Recently, the largest concern for consumers has been the perceived health risks posed by GMO foods. Luckily, a detailed analysis is conducted for each product. Data from health and safety assessments are submitted to the FDA for regulatory approval, which largely focuses on proving substantial equivalence, or that a new food or ingredient is similar to existing foods and ingredients. That requires analysis that shows comparable fat, protein, amino acid, vitamin, mineral, and starch content compared with similar foods.
GMO foods or ingredients that are substantially equivalent to existing foods but have other unique characteristics are subject to further testing, as are foods not deemed substantially equivalent. Similarly, the toxicity and allergenicity of foods are studied in animal testing, which must meet regulatory guidelines for approval.
The FDA requires a label if a food contains an unusual amount of a nutrient that a consumer would otherwise not expect, or if elevated levels of allergens are detected. Otherwise, no label is necessary, because the process in which a product is created conveys no meaningful information to the consumer.

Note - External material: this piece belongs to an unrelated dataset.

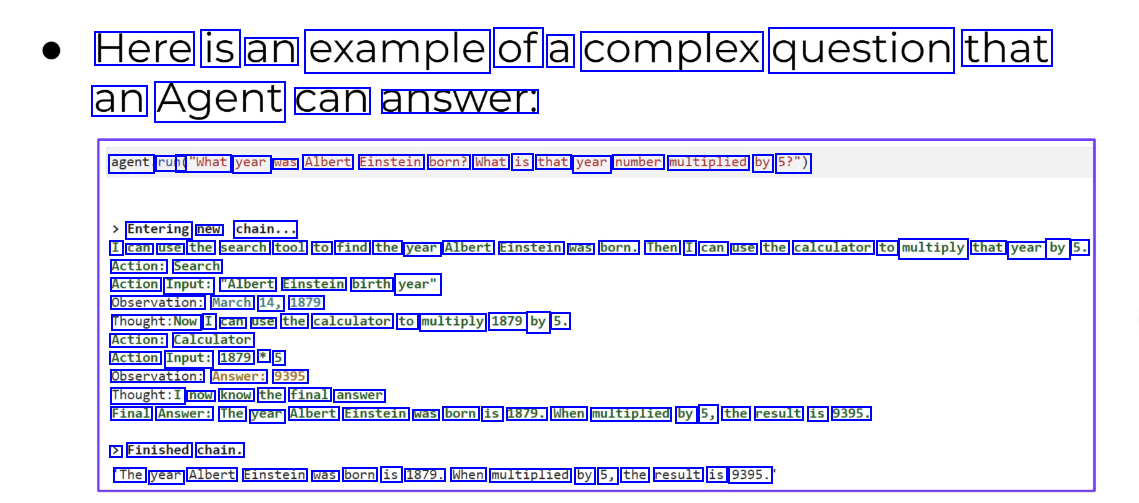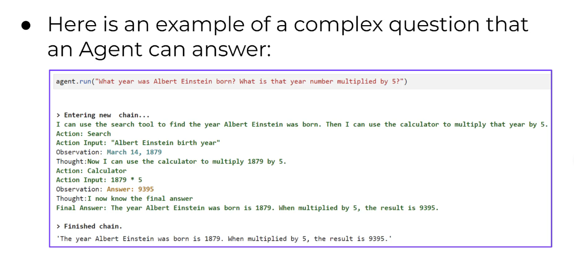 Here is an example of a complex question that an Agent can answer. agent run( ("What year was Albert Einstein born? What is that year number multiplied by 5?") Entering new chain... I can use the search tool to find the year Albert Einstein was born. Then I can use the calculator to multiply that year by 5. Action: Search Action Input: "Albert Einstein birth year" Observation: March 14, 1879 Thought:Now I can use the calculator to multiply 1879 by 5. Action: Calculator Action Input: 1879 * 5 Observation: Answer: 9395 Thought:I now know the final answer Final Answer: The year Albert Einstein was born is 1879. When multiplied by 5, the result is 9395. > Finished chain. The year Albert Einstein was born is 1879. When multiplied by 5, the result is 9395.

Not every GMO food will be required to pass through all three regulatory agencies, but each body has the legal power to seek immediate removal from the market should concerns under their jurisdiction arise.
Foolish bottom line
While no regulatory process is foolproof and recalls for pharmaceutical compounds and GMO foods have occurred, I get the feeling most people aren't aware of just how difficult it is to get a product to the market. Scientists at Monsanto and its peers aren't bursting out of labs, throwing seeds into the ground, and grabbing the nearest hose to irrigate their new creation. I hope that illustrating the regulatory process GMO products must go through helps quell any fears you may have about the safety of such products.